Most important: do not try to simply „cover up“ or „hush up“. This is a
security incident; sweeping it under the carpet just makes you lose trust
entirely. Updates won’t work without uninstall/reinstall, so folks will
notice anyway (except on Google Play Store, which re-signs the APKs). Rather
be transparent about it:

• mention it in the release notes (and in the per-release changelogs if you
  use Fastlane or
  Triple-T).
• maybe have a short article on it (e.g. a public issue with your app’s
  repo, or a blog entry) explaining what happened, what you had to do and
  what you learned from it (so others can learn from it, too).
• if you have some means to prove your identity (you’ve always signed your
  commits, you have some person to vouch for you, etc.), mention it with the
  release notes/article so everyone can verify.
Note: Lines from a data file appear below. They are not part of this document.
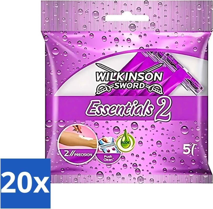 Wilkinson - Rasoirs jetables Essentials 2 - Pour Femmes - Manche antidérapant - 5 lames de rasoir - Pack avantage - 20 pièces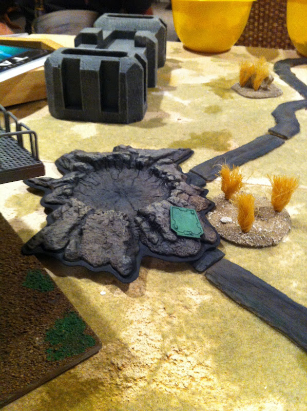 The infanous missile silo can be seen at centre left. It's a cool little model from Armorcast - three pieces: silo top, a moveable hatch, and the missile warhead. As the turns went by we moved the hatch aside and the missile rose into firing position, ready to ruin everyone's day.
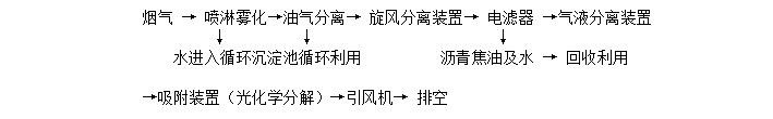 在引風(fēng)機的負(fù)壓作用下帶有粉塵物質(zhì)的瀝青煙氣經(jīng)過加裝噴淋頭的管道,經(jīng)過連續(xù)噴漆淋使煙氣中的油粒子和小粉塵等被沖洗下來、混溶于水中后流入冷卻循環(huán)水池,出來的煙氣經(jīng)油氣分離裝置去除部分油質(zhì)及水分后進入旋風(fēng)除塵除去部分不溶于水的焦粉等粉顆粒類物質(zhì),而后進入瀝青煙電濾器捕集掉剩余的油污及膠粉顆粒,處理后的氣體再經(jīng)過氣液分離裝置再次精細(xì)凈化,然后再進入吸附裝置或光化學(xué)分解裝置,除掉煙氣中的瀝青異味,凈化后煙氣通過煙囪排入大氣。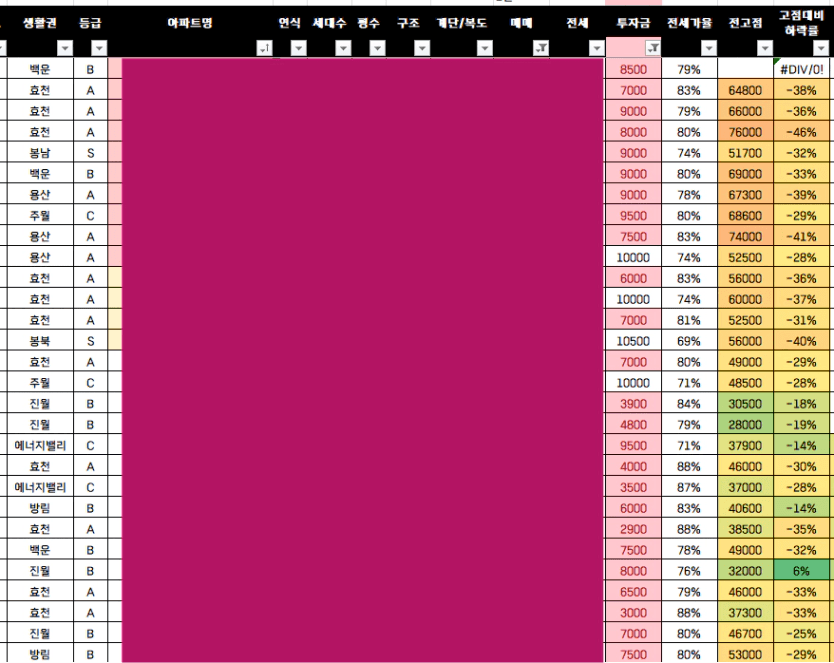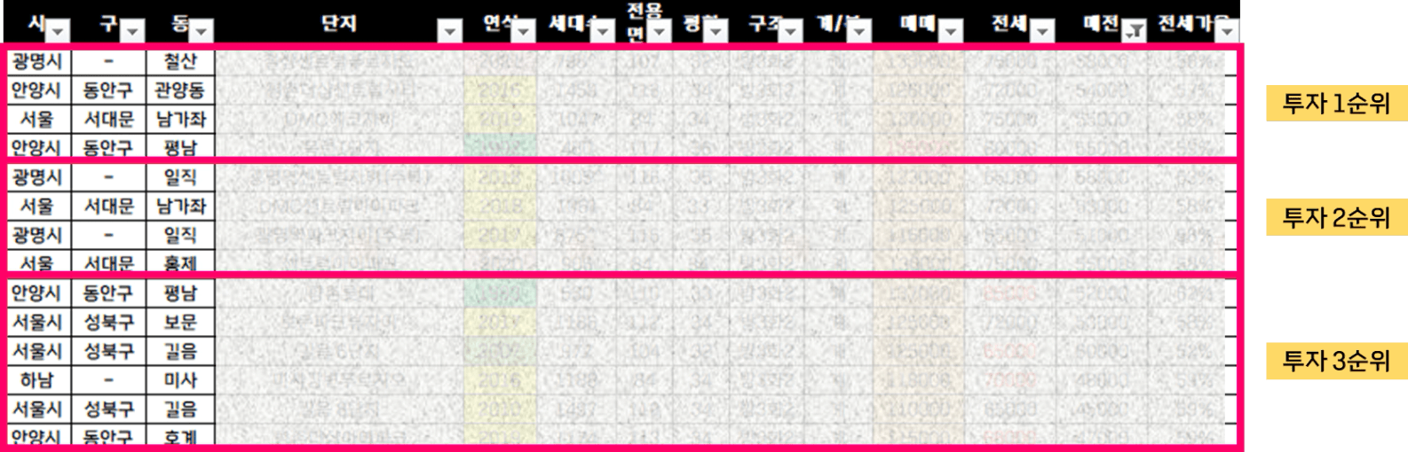 매매가별 or 투자금 (본인 시나리오에 맞는)별로 나열한 후 투자 우선순위를 세웁니다.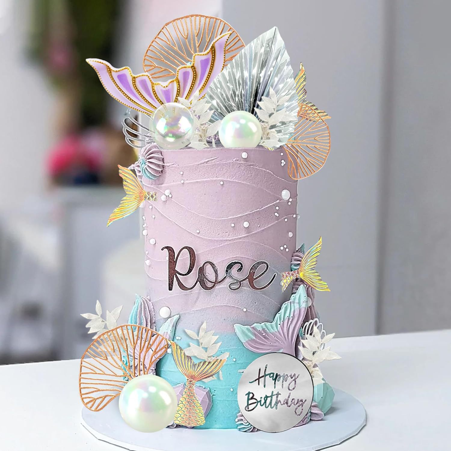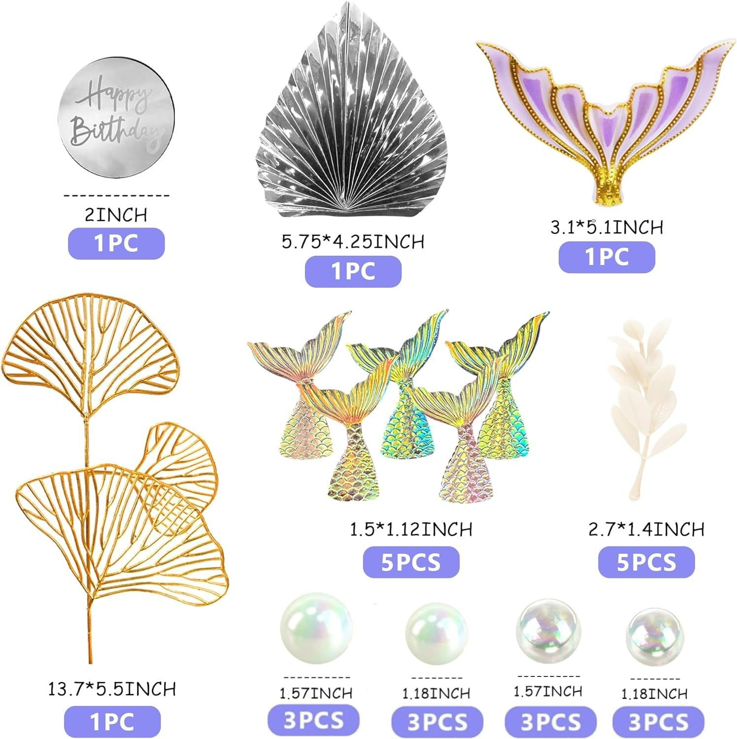 mermaid party cake decoration mermaid tail transparent pearl ball ginkgo leaf happy birthday inserts 中文版
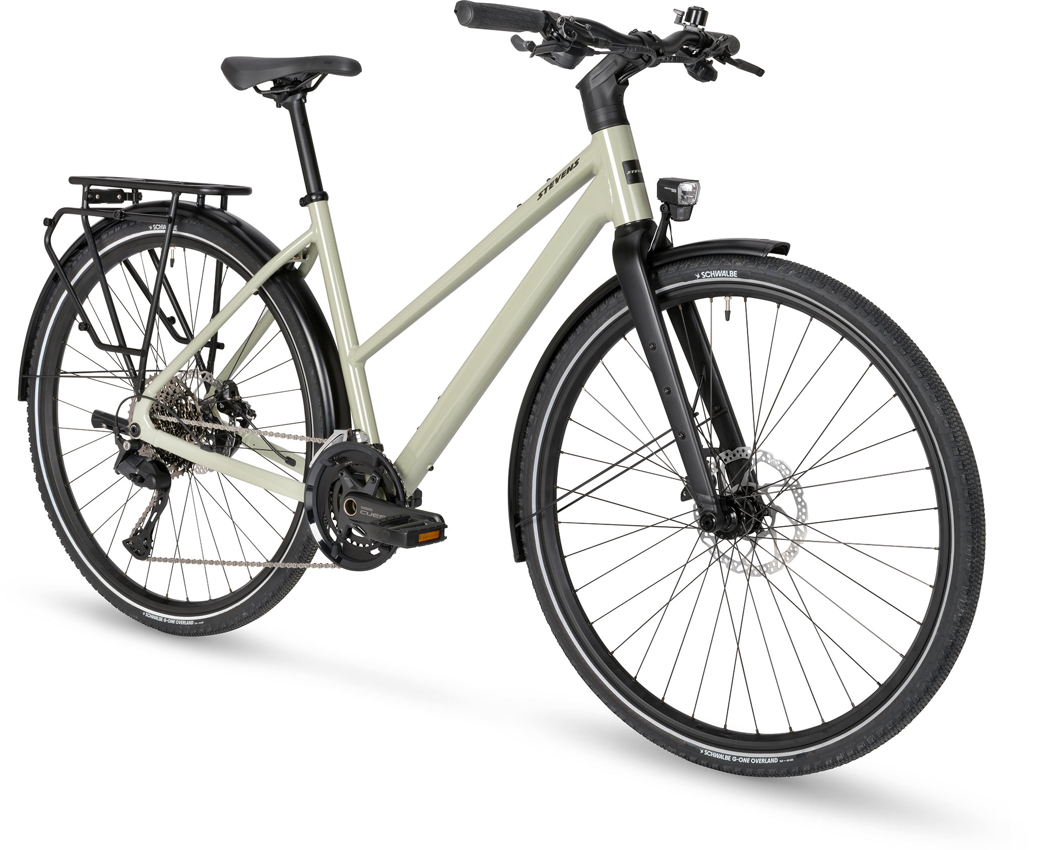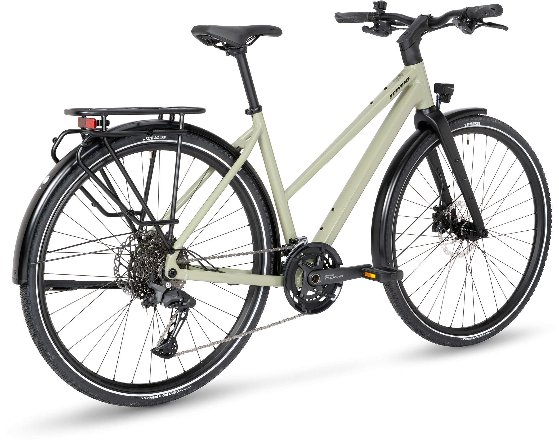 The high-quality city tourer bike – perfect for leisure and commuting. Whether you're going on a multi-day tour with luggage, a weekend trip or your daily commute – thanks to its dynamic, lively aluminium frame in subtle grey green and the lightweight, stable aluminium fork, the Caleta 8.1 stands for maximum riding pleasure. The Shimano CUES U6000 2x11 gear system ensures reliable and smooth gear changes on any terrain and is easy to maintain. The luggage rack makes your everyday life easier. The bright hub dynamo LED lighting ensures safety and style.

If you still have access to
  your old keystore but had to change it for some reason, provide an
  additional APK built from the same commit but signed with the old key,
  which would be a definite proof: the methods of verifying reproducible
  builds could be applied then to compare the two APKs – which then again
  should only differ in the signature.
• nobody was ever „born wise“ – we’re all students for all of our lives
  („who ceases to be a student, never was a student at all“). So yes, this
  is bad, and you might feel „ashamed“. But it shows character and
  establishes trust to stand by your mistakes, to admit them. That way
  people know you won’t „fool“ them and they can believe you.